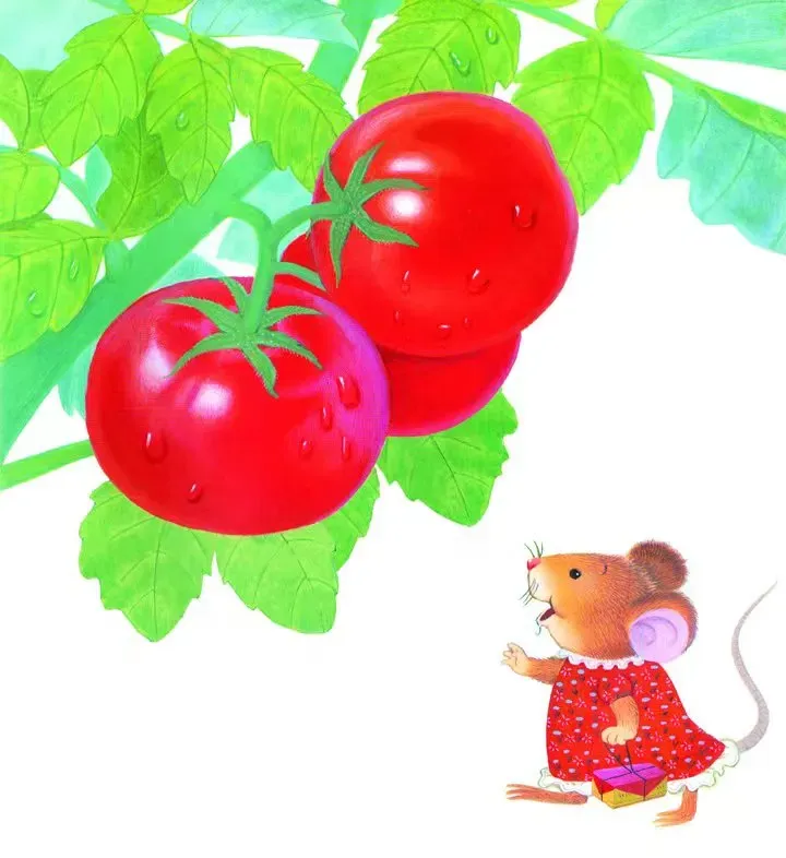 菜园里的番茄又大又圆,鼠小妹真想摘一个解解渴。但是她想:番茄的主人不在,我没有得到允许,不能吃!不能吃!
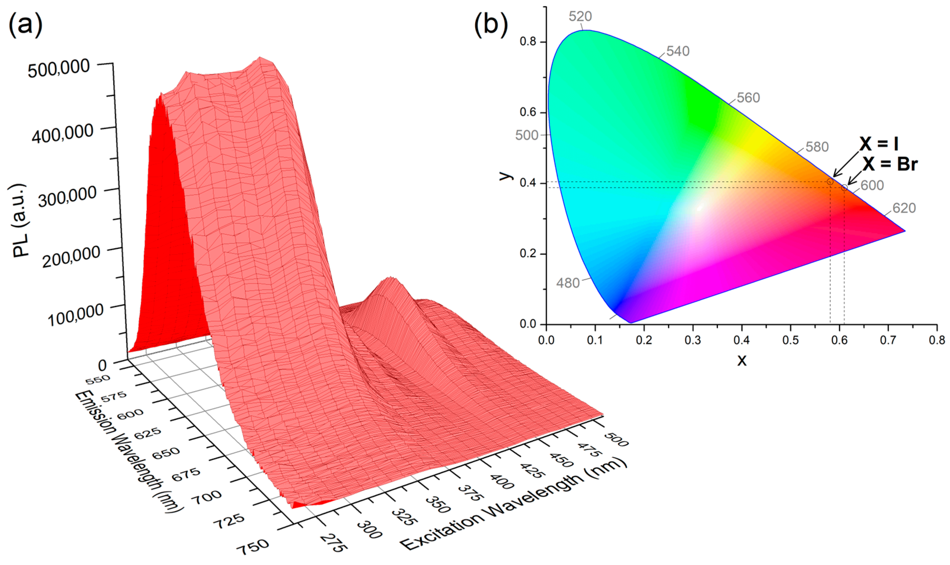 - Photoluminescence data for [MnI2{(PhN=PPh2)CH2}]. PL (solid, λexcitation = 280 nm, 298 K, nm): 598 (FWHM = 1900 cm−1) 4T1(4G)→6A(6S). CIE 1931: x = 0.581; y = 0.405. PLE (solid, λemission = 610 nm, 298 K, nm): <360 ligand-centred and metal-centred; 365–575 (local max 374, 403, 456, 491, 550) metal-centred. τ (solid, λexcitation = 300 nm, λemission = 600 nm, μs): 373 (T = 298 K).
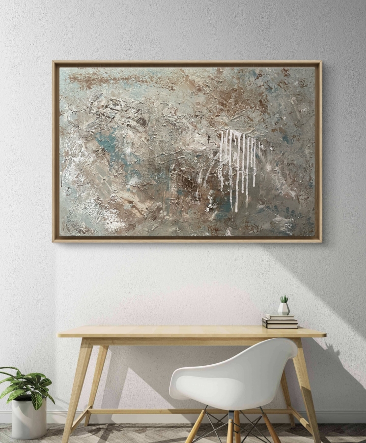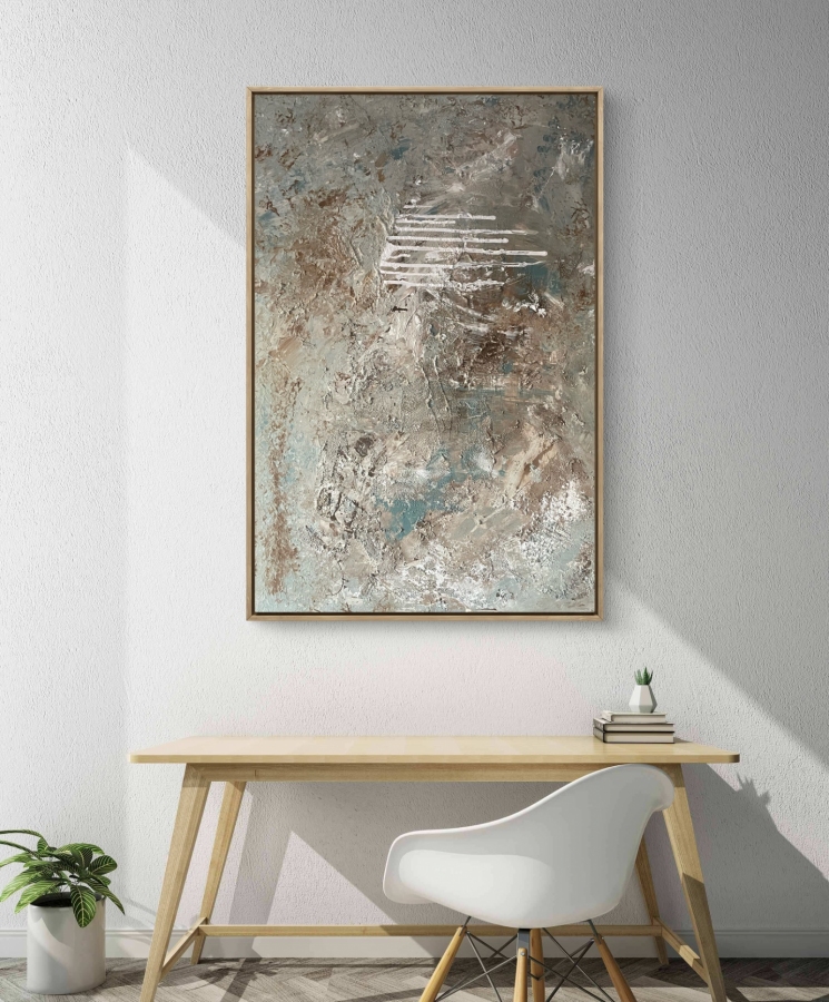 Akryl, struktura, zabezpieczony werniksem, podobrazie 80x120 Obraz abstrakcyjny, strukturalny w ziemistych barwach, który odnajdzie się w stylu soft minimalizm, japandi lub innych stonowanych wnętrzach ale i nie tylko. Struktura przyciąga wzrokiem, a obraz nie tylko da się widzieć ale i „słyszeć” jak zew, wołanie duszy i oddech przestrzeni. Filmik ze szczegółami dostępny na instagramie - b.art.ek.chmielak Oferta nie zawiera ramy. Możliwe oprawienie - 300zl w ramę typu american box
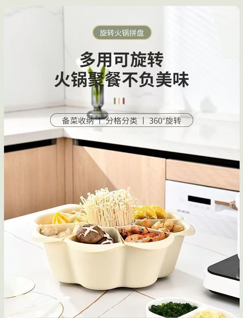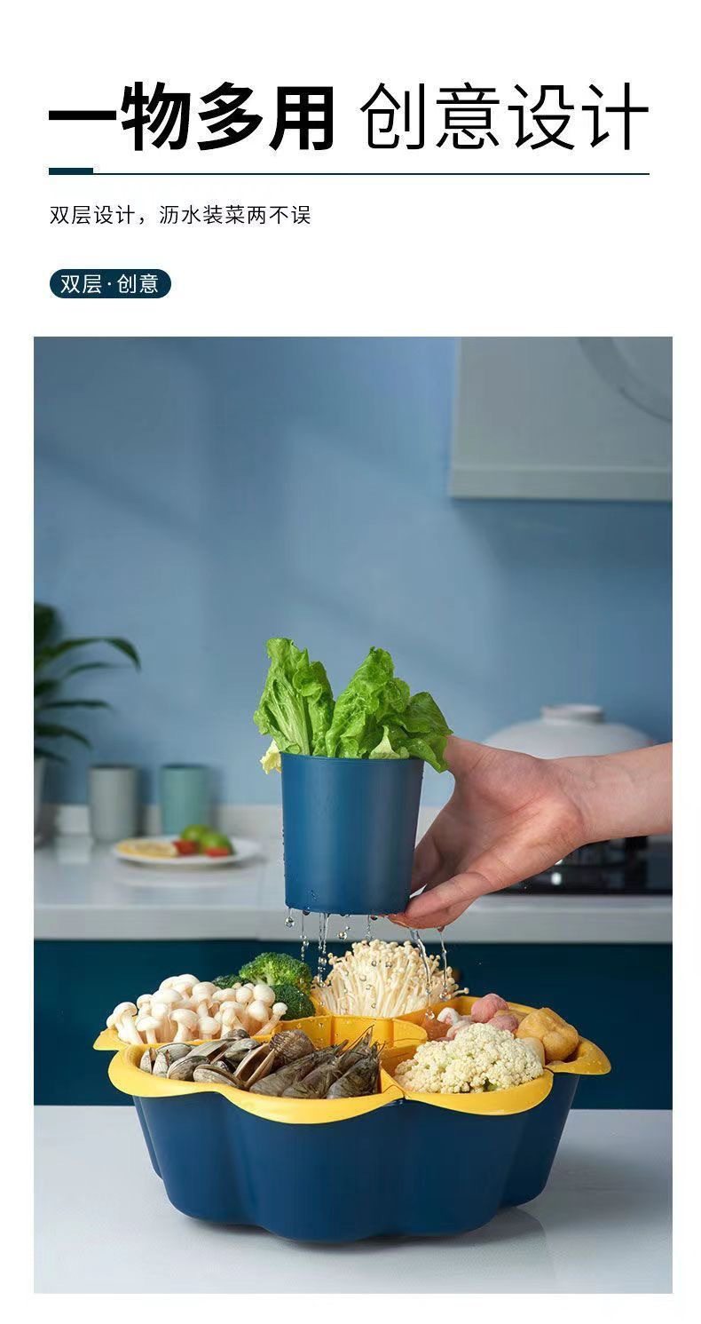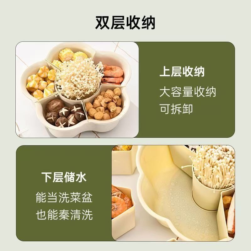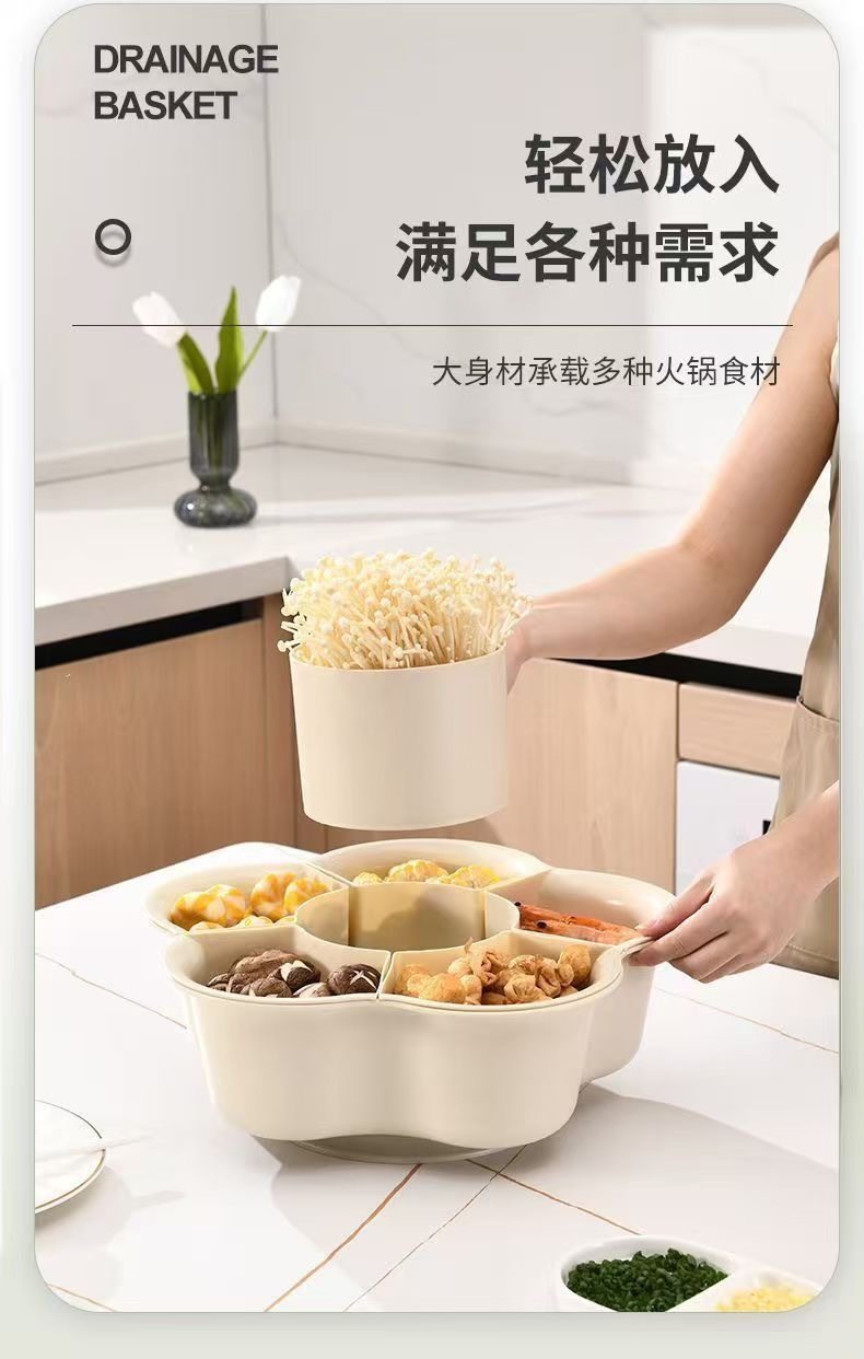 Hot Pot Platter with a Rotatable Draining Basket, Plate for Placing Vegetables, Multifunctional Compartmentalized Double-Layer Side Dish
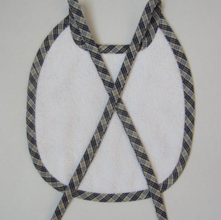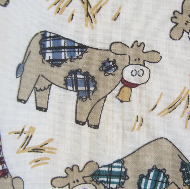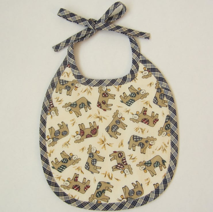 Babies bib featuring cows on a cream background. It is edged with a soft feel navy blue and cream check bias binding and is backed with white towelling.

--- --- ---

## [What is required]
Could you set down every entry again exactly as written, leaving out any pictures?

## [Task answer]
 菜园里的番茄又大又圆,鼠小妹真想摘一个解解渴。但是她想:番茄的主人不在,我没有得到允许,不能吃!不能吃!
 - Photoluminescence data for [MnI2{(PhN=PPh2)CH2}]. PL (solid, λexcitation = 280 nm, 298 K, nm): 598 (FWHM = 1900 cm−1) 4T1(4G)→6A(6S). CIE 1931: x = 0.581; y = 0.405. PLE (solid, λemission = 610 nm, 298 K, nm): <360 ligand-centred and metal-centred; 365–575 (local max 374, 403, 456, 491, 550) metal-centred. τ (solid, λexcitation = 300 nm, λemission = 600 nm, μs): 373 (T = 298 K).
 Akryl, struktura, zabezpieczony werniksem, podobrazie 80x120 Obraz abstrakcyjny, strukturalny w ziemistych barwach, który odnajdzie się w stylu soft minimalizm, japandi lub innych stonowanych wnętrzach ale i nie tylko. Struktura przyciąga wzrokiem, a obraz nie tylko da się widzieć ale i „słyszeć” jak zew, wołanie duszy i oddech przestrzeni. Filmik ze szczegółami dostępny na instagramie - b.art.ek.chmielak Oferta nie zawiera ramy. Możliwe oprawienie - 300zl w ramę typu american box
 Hot Pot Platter with a Rotatable Draining Basket, Plate for Placing Vegetables, Multifunctional Compartmentalized Double-Layer Side Dish
 Babies bib featuring cows on a cream background. It is edged with a soft feel navy blue and cream check bias binding and is backed with white towelling.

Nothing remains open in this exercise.